◆ Work required
Reproduce the records below exactly, leaving their images out.
>>>>
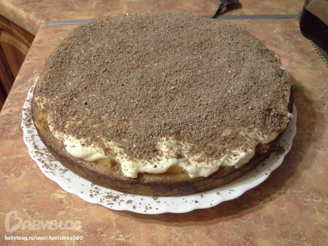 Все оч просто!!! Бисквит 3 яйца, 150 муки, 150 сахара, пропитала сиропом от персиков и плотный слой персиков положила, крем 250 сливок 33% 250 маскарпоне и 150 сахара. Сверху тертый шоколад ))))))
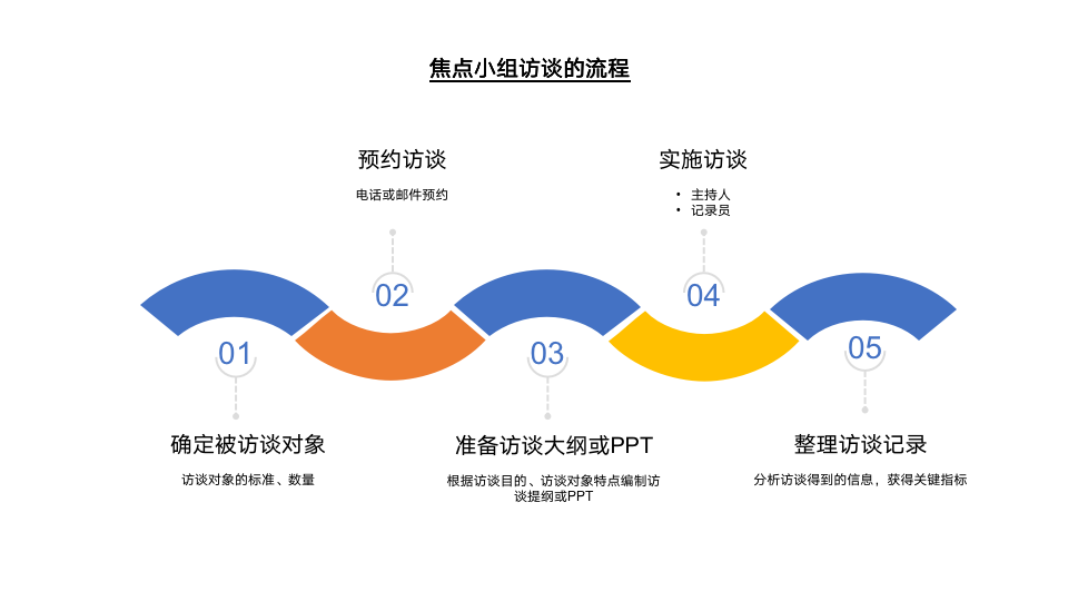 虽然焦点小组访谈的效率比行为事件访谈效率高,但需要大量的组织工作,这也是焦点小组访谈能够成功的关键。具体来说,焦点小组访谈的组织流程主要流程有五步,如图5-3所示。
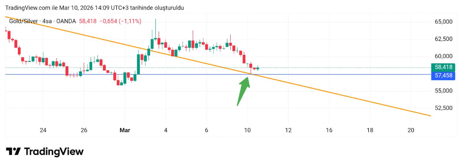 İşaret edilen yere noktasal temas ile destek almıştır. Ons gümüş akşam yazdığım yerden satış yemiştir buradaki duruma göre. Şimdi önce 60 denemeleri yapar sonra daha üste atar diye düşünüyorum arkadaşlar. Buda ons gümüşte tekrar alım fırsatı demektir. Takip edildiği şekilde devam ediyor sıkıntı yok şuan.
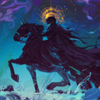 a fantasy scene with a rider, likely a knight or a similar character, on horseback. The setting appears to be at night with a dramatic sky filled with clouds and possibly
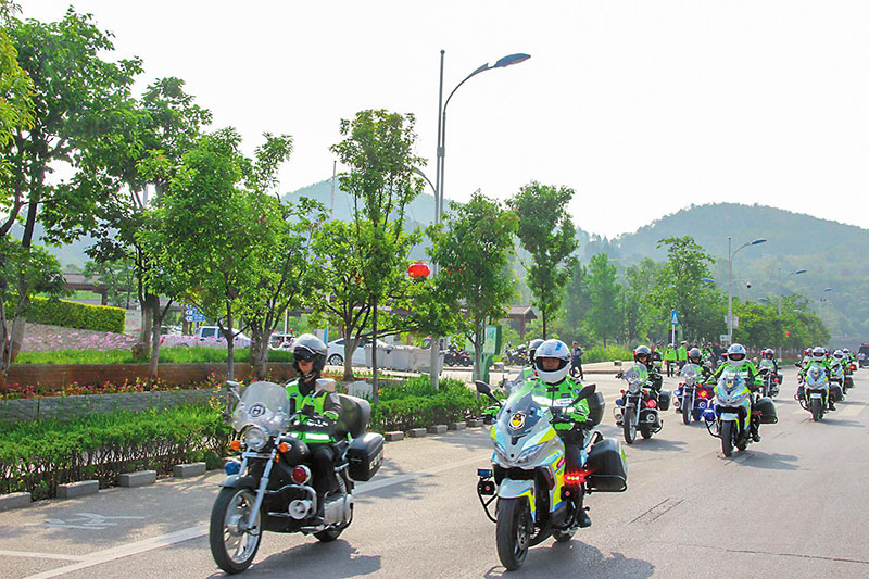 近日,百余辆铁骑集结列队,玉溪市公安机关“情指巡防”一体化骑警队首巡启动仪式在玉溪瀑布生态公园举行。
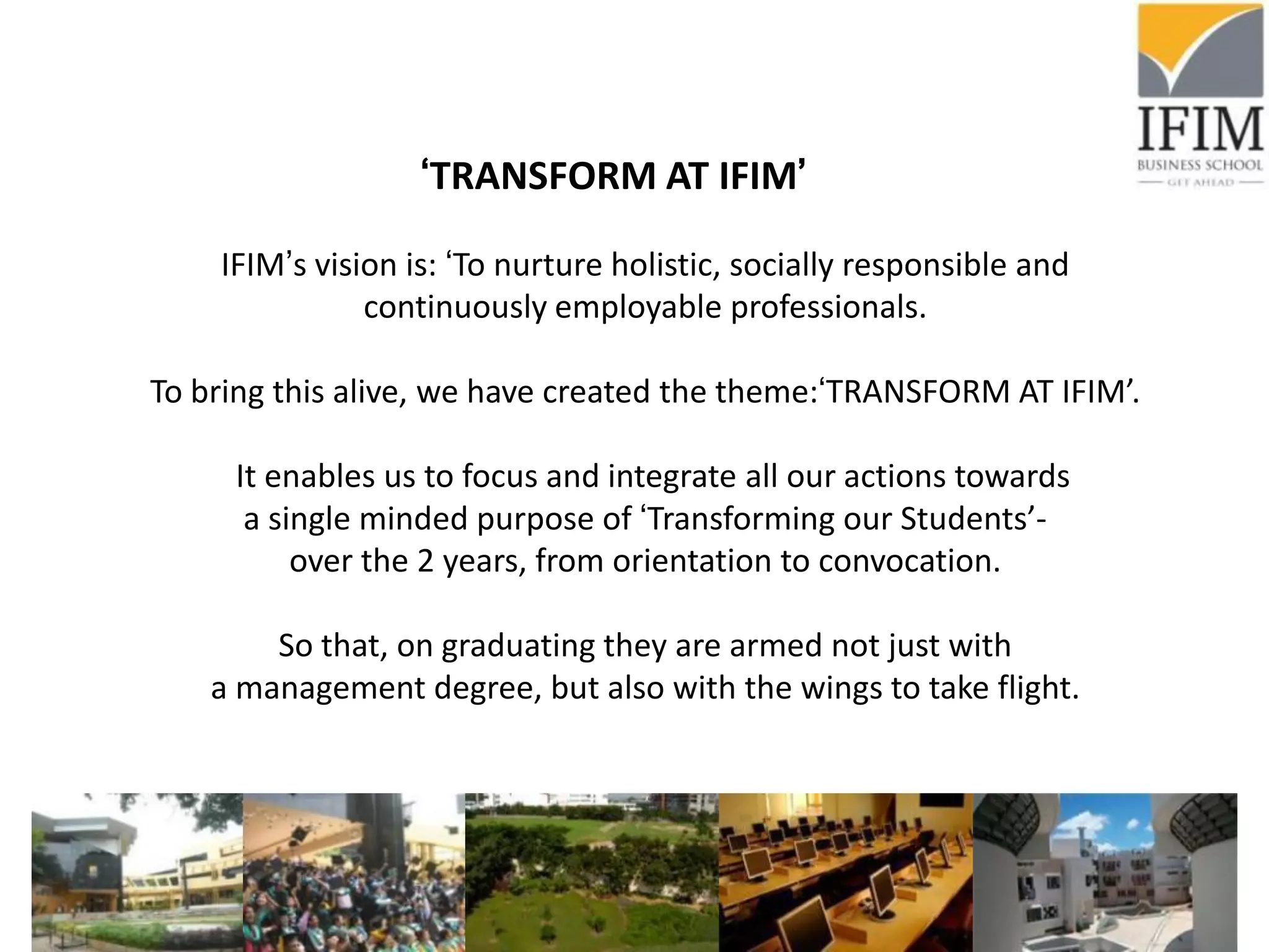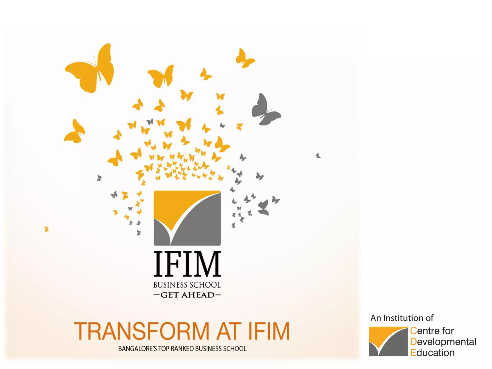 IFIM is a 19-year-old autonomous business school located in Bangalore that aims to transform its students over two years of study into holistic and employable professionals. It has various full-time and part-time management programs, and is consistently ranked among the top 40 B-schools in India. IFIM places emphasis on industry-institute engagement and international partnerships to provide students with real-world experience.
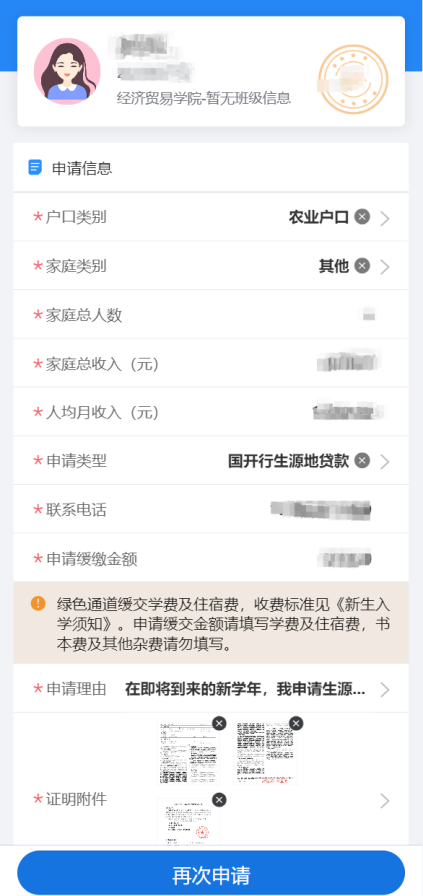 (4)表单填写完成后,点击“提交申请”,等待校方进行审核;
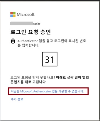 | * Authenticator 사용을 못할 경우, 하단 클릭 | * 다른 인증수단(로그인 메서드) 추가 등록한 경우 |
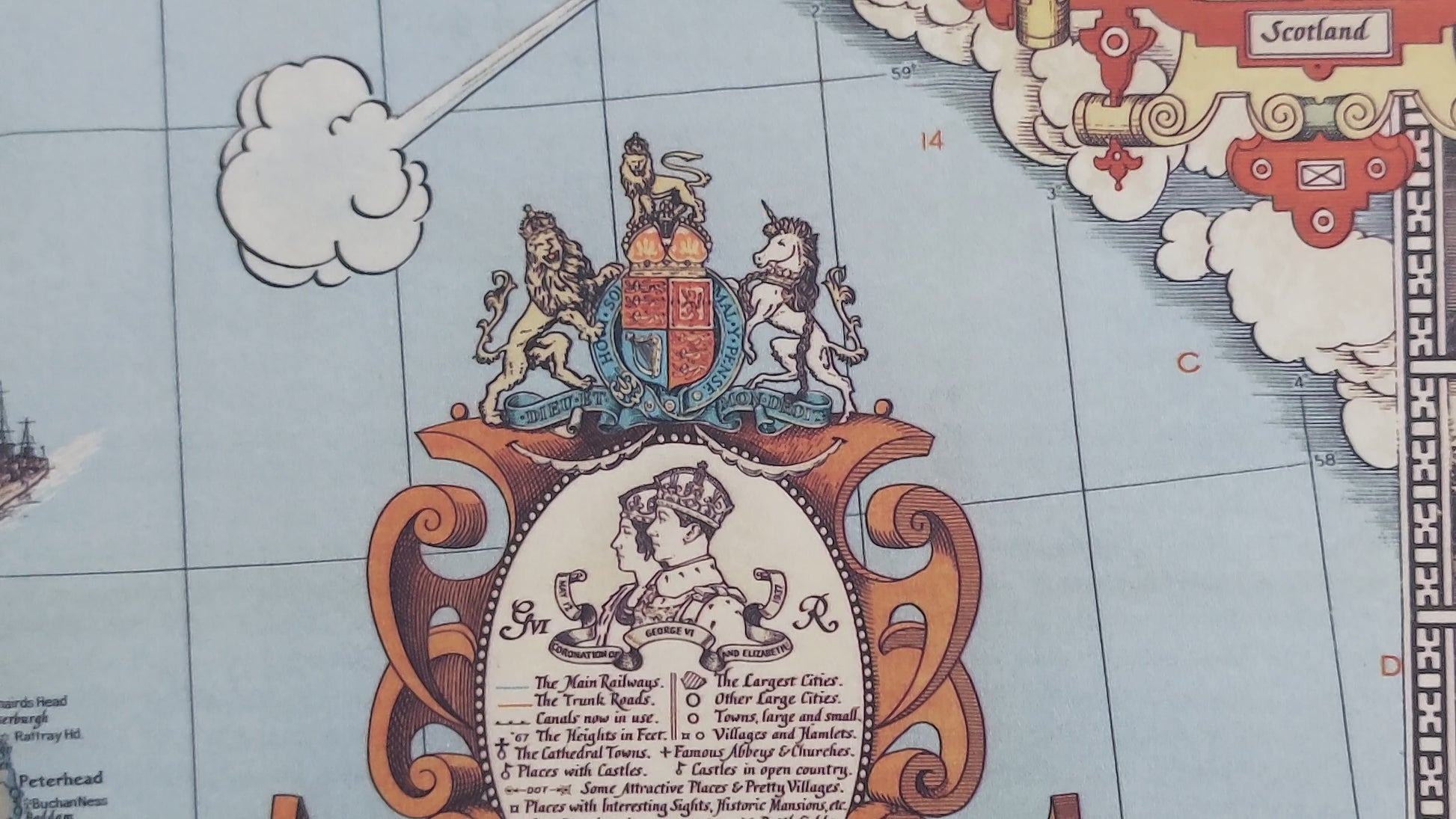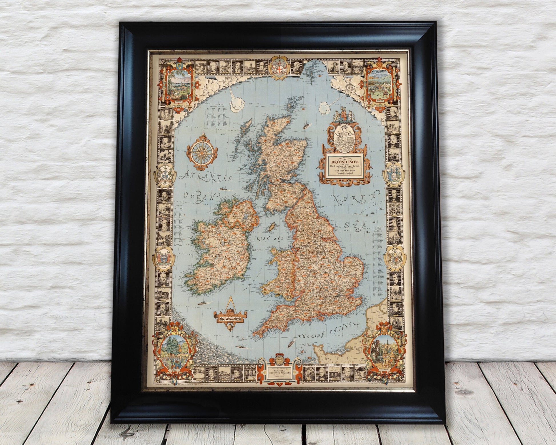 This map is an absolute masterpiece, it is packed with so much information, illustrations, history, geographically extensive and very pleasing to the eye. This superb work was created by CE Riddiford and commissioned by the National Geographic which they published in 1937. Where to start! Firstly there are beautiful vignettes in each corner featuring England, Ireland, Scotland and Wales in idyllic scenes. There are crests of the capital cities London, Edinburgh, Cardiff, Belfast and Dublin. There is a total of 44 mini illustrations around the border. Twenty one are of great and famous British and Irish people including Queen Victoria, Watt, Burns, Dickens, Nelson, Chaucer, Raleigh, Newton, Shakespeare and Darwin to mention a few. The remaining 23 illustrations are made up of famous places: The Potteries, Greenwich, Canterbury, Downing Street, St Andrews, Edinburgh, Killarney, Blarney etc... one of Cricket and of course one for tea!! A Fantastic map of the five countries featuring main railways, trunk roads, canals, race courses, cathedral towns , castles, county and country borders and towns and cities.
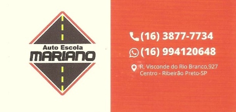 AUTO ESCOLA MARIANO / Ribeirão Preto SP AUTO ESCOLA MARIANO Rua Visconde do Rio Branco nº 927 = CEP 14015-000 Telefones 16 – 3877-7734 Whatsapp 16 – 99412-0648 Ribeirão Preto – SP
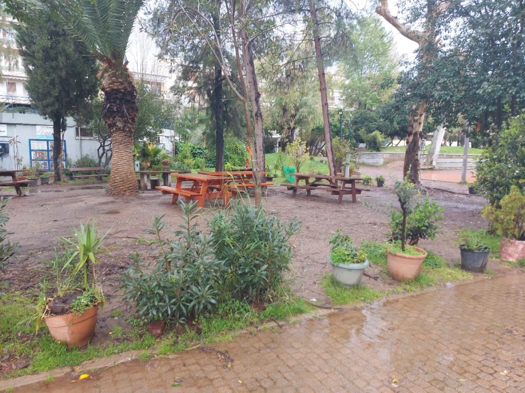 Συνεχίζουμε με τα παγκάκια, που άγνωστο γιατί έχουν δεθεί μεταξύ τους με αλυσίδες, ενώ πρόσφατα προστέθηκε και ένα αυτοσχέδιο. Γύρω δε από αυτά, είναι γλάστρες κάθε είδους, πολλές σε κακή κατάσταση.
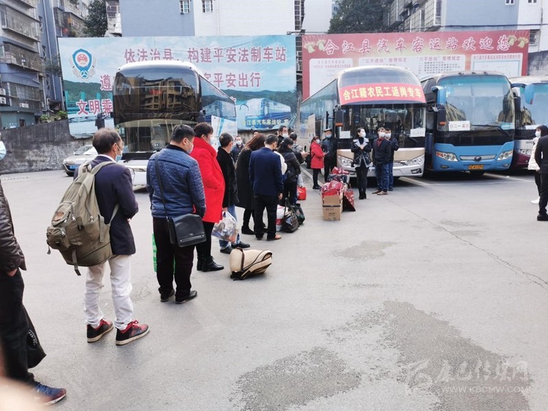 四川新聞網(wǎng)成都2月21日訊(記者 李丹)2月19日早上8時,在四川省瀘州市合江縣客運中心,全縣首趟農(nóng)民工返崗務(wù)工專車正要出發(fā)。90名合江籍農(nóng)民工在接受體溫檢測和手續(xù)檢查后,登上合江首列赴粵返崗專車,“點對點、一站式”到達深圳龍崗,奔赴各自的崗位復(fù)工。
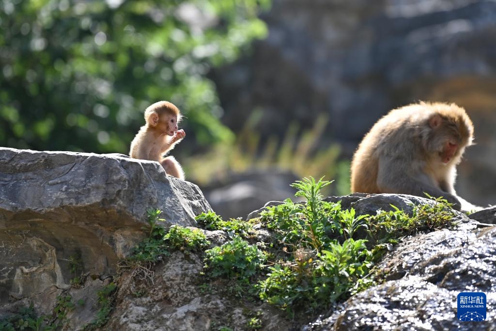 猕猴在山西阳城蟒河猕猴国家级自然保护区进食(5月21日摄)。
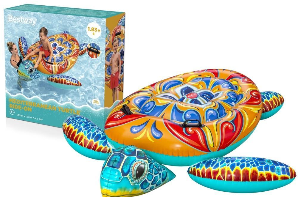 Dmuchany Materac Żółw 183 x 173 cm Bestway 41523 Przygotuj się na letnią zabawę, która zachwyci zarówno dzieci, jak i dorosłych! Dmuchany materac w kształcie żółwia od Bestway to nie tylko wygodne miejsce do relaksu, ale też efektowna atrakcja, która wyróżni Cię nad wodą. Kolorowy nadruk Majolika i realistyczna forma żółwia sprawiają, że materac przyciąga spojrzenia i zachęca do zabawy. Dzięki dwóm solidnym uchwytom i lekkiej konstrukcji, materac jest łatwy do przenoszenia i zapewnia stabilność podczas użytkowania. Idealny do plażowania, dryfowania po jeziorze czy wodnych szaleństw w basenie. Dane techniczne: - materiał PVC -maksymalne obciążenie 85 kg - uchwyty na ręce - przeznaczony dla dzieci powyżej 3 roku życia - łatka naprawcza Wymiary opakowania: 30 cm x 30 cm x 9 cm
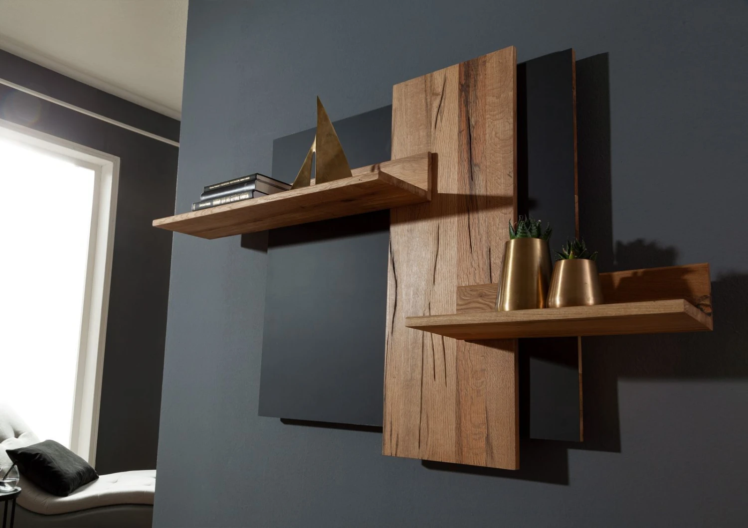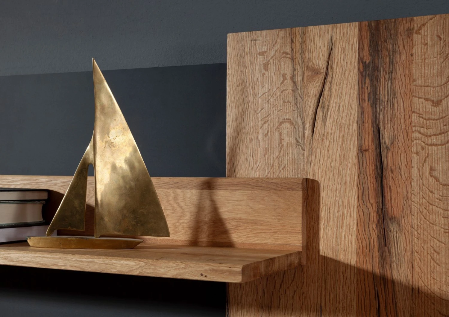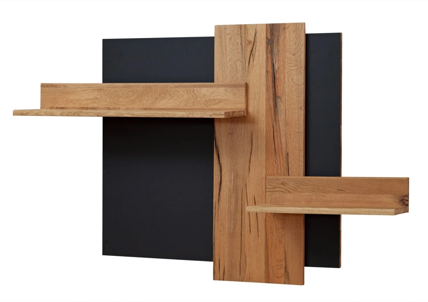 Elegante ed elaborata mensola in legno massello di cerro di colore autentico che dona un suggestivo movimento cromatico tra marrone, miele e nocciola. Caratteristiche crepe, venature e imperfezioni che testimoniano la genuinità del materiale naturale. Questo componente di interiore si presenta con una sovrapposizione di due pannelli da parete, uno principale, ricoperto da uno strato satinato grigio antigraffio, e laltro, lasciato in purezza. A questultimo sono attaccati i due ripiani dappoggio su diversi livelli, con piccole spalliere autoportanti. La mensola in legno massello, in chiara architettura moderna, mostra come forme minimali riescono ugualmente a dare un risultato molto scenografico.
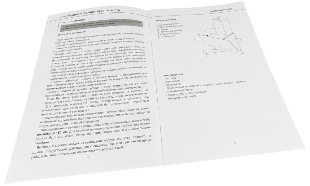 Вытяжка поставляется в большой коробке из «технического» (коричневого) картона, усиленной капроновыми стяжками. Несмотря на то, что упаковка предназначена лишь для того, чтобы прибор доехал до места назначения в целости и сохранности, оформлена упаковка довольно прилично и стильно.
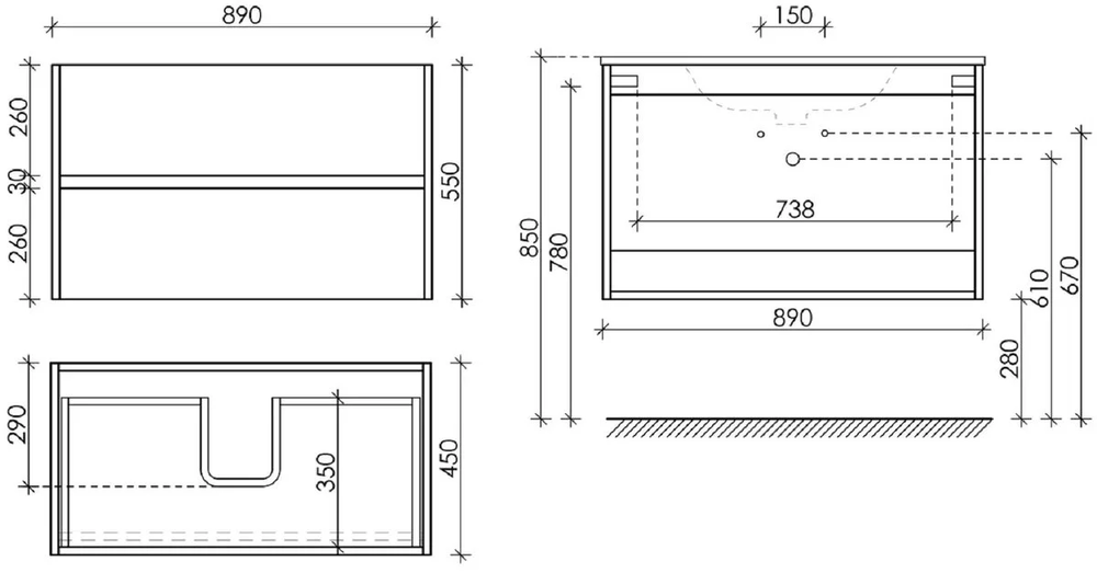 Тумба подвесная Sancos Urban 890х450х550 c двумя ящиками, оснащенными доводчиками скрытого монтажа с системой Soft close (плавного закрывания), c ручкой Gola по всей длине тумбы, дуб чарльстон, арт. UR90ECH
<<<<
◆ Written solution
 Все оч просто!!! Бисквит 3 яйца, 150 муки, 150 сахара, пропитала сиропом от персиков и плотный слой персиков положила, крем 250 сливок 33% 250 маскарпоне и 150 сахара. Сверху тертый шоколад ))))))
 虽然焦点小组访谈的效率比行为事件访谈效率高,但需要大量的组织工作,这也是焦点小组访谈能够成功的关键。具体来说,焦点小组访谈的组织流程主要流程有五步,如图5-3所示。
 İşaret edilen yere noktasal temas ile destek almıştır. Ons gümüş akşam yazdığım yerden satış yemiştir buradaki duruma göre. Şimdi önce 60 denemeleri yapar sonra daha üste atar diye düşünüyorum arkadaşlar. Buda ons gümüşte tekrar alım fırsatı demektir. Takip edildiği şekilde devam ediyor sıkıntı yok şuan.
 a fantasy scene with a rider, likely a knight or a similar character, on horseback. The setting appears to be at night with a dramatic sky filled with clouds and possibly
 近日,百余辆铁骑集结列队,玉溪市公安机关“情指巡防”一体化骑警队首巡启动仪式在玉溪瀑布生态公园举行。
 IFIM is a 19-year-old autonomous business school located in Bangalore that aims to transform its students over two years of study into holistic and employable professionals. It has various full-time and part-time management programs, and is consistently ranked among the top 40 B-schools in India. IFIM places emphasis on industry-institute engagement and international partnerships to provide students with real-world experience.
 (4)表单填写完成后,点击“提交申请”,等待校方进行审核;
 | * Authenticator 사용을 못할 경우, 하단 클릭 | * 다른 인증수단(로그인 메서드) 추가 등록한 경우 |
 This map is an absolute masterpiece, it is packed with so much information, illustrations, history, geographically extensive and very pleasing to the eye. This superb work was created by CE Riddiford and commissioned by the National Geographic which they published in 1937. Where to start! Firstly there are beautiful vignettes in each corner featuring England, Ireland, Scotland and Wales in idyllic scenes. There are crests of the capital cities London, Edinburgh, Cardiff, Belfast and Dublin. There is a total of 44 mini illustrations around the border. Twenty one are of great and famous British and Irish people including Queen Victoria, Watt, Burns, Dickens, Nelson, Chaucer, Raleigh, Newton, Shakespeare and Darwin to mention a few. The remaining 23 illustrations are made up of famous places: The Potteries, Greenwich, Canterbury, Downing Street, St Andrews, Edinburgh, Killarney, Blarney etc... one of Cricket and of course one for tea!! A Fantastic map of the five countries featuring main railways, trunk roads, canals, race courses, cathedral towns , castles, county and country borders and towns and cities.
 AUTO ESCOLA MARIANO / Ribeirão Preto SP AUTO ESCOLA MARIANO Rua Visconde do Rio Branco nº 927 = CEP 14015-000 Telefones 16 – 3877-7734 Whatsapp 16 – 99412-0648 Ribeirão Preto – SP
 Συνεχίζουμε με τα παγκάκια, που άγνωστο γιατί έχουν δεθεί μεταξύ τους με αλυσίδες, ενώ πρόσφατα προστέθηκε και ένα αυτοσχέδιο. Γύρω δε από αυτά, είναι γλάστρες κάθε είδους, πολλές σε κακή κατάσταση.
 四川新聞網(wǎng)成都2月21日訊(記者 李丹)2月19日早上8時,在四川省瀘州市合江縣客運中心,全縣首趟農(nóng)民工返崗務(wù)工專車正要出發(fā)。90名合江籍農(nóng)民工在接受體溫檢測和手續(xù)檢查后,登上合江首列赴粵返崗專車,“點對點、一站式”到達深圳龍崗,奔赴各自的崗位復(fù)工。
 猕猴在山西阳城蟒河猕猴国家级自然保护区进食(5月21日摄)。
 Dmuchany Materac Żółw 183 x 173 cm Bestway 41523 Przygotuj się na letnią zabawę, która zachwyci zarówno dzieci, jak i dorosłych! Dmuchany materac w kształcie żółwia od Bestway to nie tylko wygodne miejsce do relaksu, ale też efektowna atrakcja, która wyróżni Cię nad wodą. Kolorowy nadruk Majolika i realistyczna forma żółwia sprawiają, że materac przyciąga spojrzenia i zachęca do zabawy. Dzięki dwóm solidnym uchwytom i lekkiej konstrukcji, materac jest łatwy do przenoszenia i zapewnia stabilność podczas użytkowania. Idealny do plażowania, dryfowania po jeziorze czy wodnych szaleństw w basenie. Dane techniczne: - materiał PVC -maksymalne obciążenie 85 kg - uchwyty na ręce - przeznaczony dla dzieci powyżej 3 roku życia - łatka naprawcza Wymiary opakowania: 30 cm x 30 cm x 9 cm
 Elegante ed elaborata mensola in legno massello di cerro di colore autentico che dona un suggestivo movimento cromatico tra marrone, miele e nocciola. Caratteristiche crepe, venature e imperfezioni che testimoniano la genuinità del materiale naturale. Questo componente di interiore si presenta con una sovrapposizione di due pannelli da parete, uno principale, ricoperto da uno strato satinato grigio antigraffio, e laltro, lasciato in purezza. A questultimo sono attaccati i due ripiani dappoggio su diversi livelli, con piccole spalliere autoportanti. La mensola in legno massello, in chiara architettura moderna, mostra come forme minimali riescono ugualmente a dare un risultato molto scenografico.
 Вытяжка поставляется в большой коробке из «технического» (коричневого) картона, усиленной капроновыми стяжками. Несмотря на то, что упаковка предназначена лишь для того, чтобы прибор доехал до места назначения в целости и сохранности, оформлена упаковка довольно прилично и стильно.
 Тумба подвесная Sancos Urban 890х450х550 c двумя ящиками, оснащенными доводчиками скрытого монтажа с системой Soft close (плавного закрывания), c ручкой Gola по всей длине тумбы, дуб чарльстон, арт. UR90ECH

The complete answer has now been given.